In Spanish, "La casa es roja," means the house is red. "Casa" has a feminine gender. It does not mean that the house is a female, or is of the female sex. It means that the word has a feminine gender, and THEREFORE you would correctly say, "La casa es roja," not "El casa es rojo." "Vestido" is Spanish for dress, as in a woman's dress. The word has a masculine gender, therefore you know that if the dress is red, you say, "El vestido es rojo" because the gender of the word -- not the sex of the dress, but the GENDER of the word -- instructs you.
I'm on a crusade to try to get conservatives to stop using the word "gender" in place of the word "sex." Like the term "sanitary engineer" instead of the word "janitor," (mis)use of the word "gender" for the real word "sex" is a way of euphemizing and downplaying reality.

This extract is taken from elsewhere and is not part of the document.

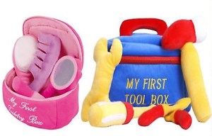 A sinistra una trusse rosa con pettine, specchio e rossetto con la scritta che contiene oggetti imbottiti a forma di rossetto, braccialetto, specchio e chiavi. La borsa, inoltre se premuta, canta una canzoncina sui colori rosa e porpora. La versione per maschi di questo giocattolo, a destra, ha la forma di una cassetta per attrezzi. Gli oggetti imbottiti sono martello, cacciavite, sega, chiave inglese, e la scatola canta una canzoncina differente: “Andiamo al lavoro!”. Se li osservo con questo sguardo questi affettuosi giocattoli mi sembrano un po’ meno ingenui e innocui: il messaggio è chiaro e crescendo gli stereotipi di genere vengono sempre più affermati in distinte categorie. I maschi sono educati fin da piccolissimi ad essere intraprendenti, autonomi e ad affermarsi nella vita col lavoro. Le femmine a prendersi cura di sé e delle faccende domestiche, ad essere servizievoli e a sognare il principe azzurro. Questi ruoli non sono affatto naturali o iscritti in un codice genetico, ma appresi attraverso rinforzi culturali continui che alimentano un processo economico globale. Produttori diversi riproducono ossessivamente gli stessi concetti. Esiste un nesso tra la precoce educazione agli stereotipi di genere e comportamenti discriminatori e sessisti fino alle molestie sessuali sulle donne? Ne parlava anni fa Elena Gianini Belotti in ‘Dalla parte delle bambine’, un testo che fece storia e più recentemente in un altro che ne riprende le intuizioni dal titolo ‘Ancora dalla parte delle bambine’ ,la giornalista Loredana Lipperini sostiene che ben poco sia cambiato nonostante le lotte di emancipazione e la nostra pretesa modernità. Il potere di questi silenti modelli culturali è evidente ad esempio quando vengono disattesi o trasgrediti, che diremmo di un bambino che ama i trucchi e di una bambina appassionata dall’avvitare e riparare? Vedere le implicazioni di ruoli stereotipati di genere sui comportamenti e nelle relazioni educative che vengono veicolati nei comportamenti quotidiani, è il primo passo per cambiarli e capirne le trasformazioni.

Thanks for indulging my rant! :^)
:^)
With apologies to any cunning linguists, it’s perfectly unambiguous to say “gender” when the entity being described is human and the English language is the medium of discourse. It’s a convention of English, and the writers and speakers of English never felt a great compulsion to indulge picky purists. If you want that kind of language, you might be happier in France, where instead of private dictionary companies documenting popular consensus, they have a government bureau to prescribe the correct usage of terms both old and new.
AS OPPOSED to a lousy (and as it happens, politcally liberal) copy editor who once "corrected" the word "memento" to "momento" in the lead (or, for those purists you so roundly chastize, "lede," an archaic term that journalist snobs often use) of a feature story I wrote for that paper. THAT copy editor made me look bad (and also made his paper look bad).
Words have meaning. Yes, language is dynamic and I have to accept it. Dynamic language, especially in English, often results in better and more efficient communication, such as the practice of "verbing" words (for example, the word "dialogue," which used to be a noun but is now also a verb, as in "Let's dialogue."
But use of the word "gender" neither makes the language more efficient (in fact, it's the other way around, replacing a one-syllable, three-letter word with a two-syllable, six-letter word is NOT an increase in efficiency) nor does it make it more precise. In truth, (mis)use of the word "gender" is a sly way of neutering thee and me.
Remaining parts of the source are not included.